LFA-based electrochemical detection with their analytical performance

Analytes	Electrode type	Method	Signal tracer	Electrode assemble strategy	LOD	Linear range	Reference
Clenbuterol	PANI@GO/ITO	EIS	–	Strip between the electrodes	0.12 ppb	0.12–58 ppb	[72]
Organophosphorus pesticide	SPE	SWV	Acetylcholinesterase	Test zone cut with cutter embedded in plastic case	0.02 nM	0.05–10 nM	[73]
Alpha-fetoprotein	SPE	SWV	HRP	Electrode under test zone	0.5 ng/mL	1–100 ng/mL	[74]
PSA	SPE	SWV	CdSe@ZnS QD	Electrode under test zone	0.02 ng/mL	0.05–4 ng/mL	[75]
hCG	SPE	SWASV	Bi3+	Electrode under test zone	1 mIU	0–70 mIU	[76]
Lead and cadmium	SPCE	SWV	–	Electrode over the test zone	7 and 11 ppb	10 to 100 ppb	[77]
Trichloropyridinol	SPCE	SWV	HRP	Test zone cut with cutter embedded in plastic case	0.1 ng/mL	0.1–100 ng/mL	[78]
8-OHdG	CNT paper	CA	–	Electrode over the test zone	3.11 ng/mL	0–150 ng/mL	[79]
Myeloperoxidase	SPE	CA	MBs (separation) and HRP	SPE printed on the membrane	0.18 ng/mL	0.25–8 ng/mL	[80]
Testosterone	Gold electrodes made by lithography	CA	HRP	Test zone cut	1 ng/mL	1–625 ng/mL	[81]
Troponin I	ITO	CC	Gal and An-GP	Electrode over the test zone	0.1 pg/mL	0.1 pg/mL–100 ng/mL	[82]
PSA	Interdigitated-SCPE	Capacitance	Urease	Electrode over the test zone	1 ng/mL	0–30 ng/mL	[83]
Cardiac troponin T	SPE	CV	HRP	Electrode under test zone	0.15 ng/ml	0–700 ng/mL	[84]
Dengue NS1 protein	SPGE	CV	TEMPO-tagged AuNP	Electrode under test zone	50 ng/mL	0–1000 ng/mL	[85]
8-OHdG and PSA	–	Glucose meter	Invertase	Test and control zone cut	0.23 and 1.26 ng/mL	0.1–100 and 1–100 ng/mL	[86]
Hg(II) ions	SPE	SWV	HRP	Test zone cut	30 pg/mL	0.1–200 ng/mL	[87]

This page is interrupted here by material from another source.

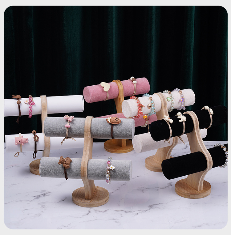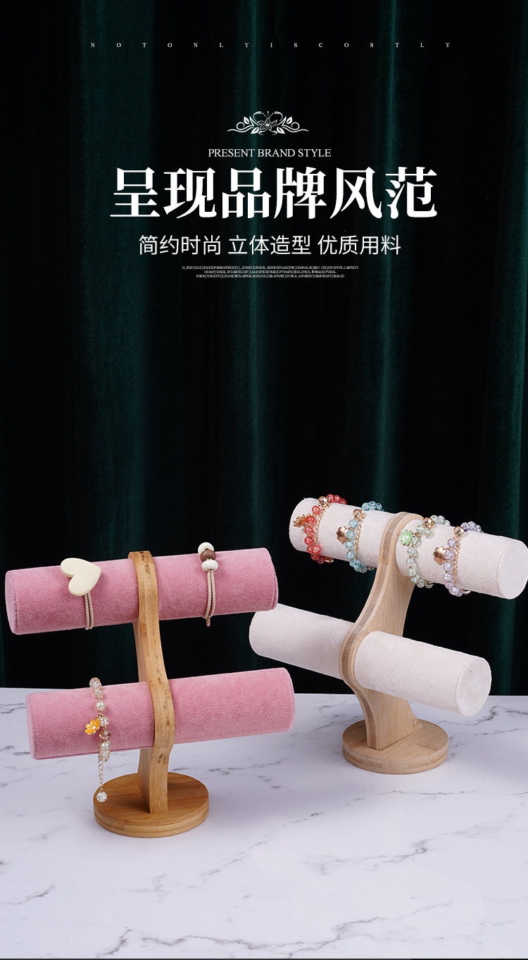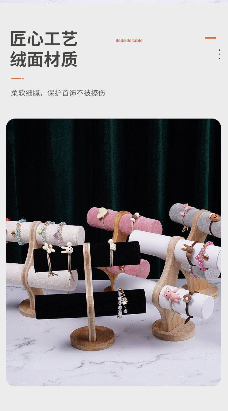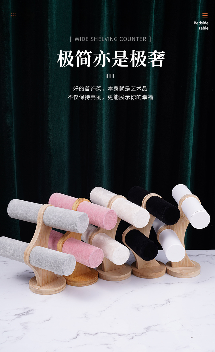 Color: Bamboo-wood powder velvet double-layer bracelet rack

MBs magnetic beads, Gal galactosidase, AN-GP 4-amino-1-naphthyl β-d-galactopyranoside, AN 4-amino-1-naphthol, PANI@GO/ITO polyaniline@graphene oxide/indium tin oxide, 8-OHdG 8-hydroxy-20-deoxyguanosine, PSA prostate-specific antigen, SWASV square wave anodic stripping voltammetry

Enzyme-generated electroactive products have been widely studied [73, 74, 78, 81–84, 86, 88] to increase the sensitivity and selectivity of the system. However, the immobilization and stabilization of the enzyme can be complicated, which could also increase the cost of the sensor and affect the overall stability of the system. Moreover, in case the enzyme reaction takes place at the test zone where the electrode and capture probes are located, fast reaction and efficient electron transfer between the enzyme and the electrode is required. However, it is more favorable to place electrodes downstream after the capturing zone.

In contrast to other techniques, electrochemical detection in LFAs can be performed without tracer. For direct assay formats, after analyte has bound to the biorecognition element immobilized on the electrode, an increase in impedance at the electrode electrolyte interface can be monitored. For the competitive format, on the other hand, the impedance is theoretically decreased when analyte is present [72]. In addition to EIS, direct oxidation or reduction of electroactive analyte after binding to biorecognition element immobilized on an electrode can be monitored by CA [79]. The label-free LFAs could be advantageous due to the reduction of assay cost. However, it should be noted that electrode materials must be very sensitive and facilitate efficient electron transfer in order to detect small changes and enable electrochemical reactions, respectively. Therefore, microelectrodes or nanomaterials have been used for this purpose.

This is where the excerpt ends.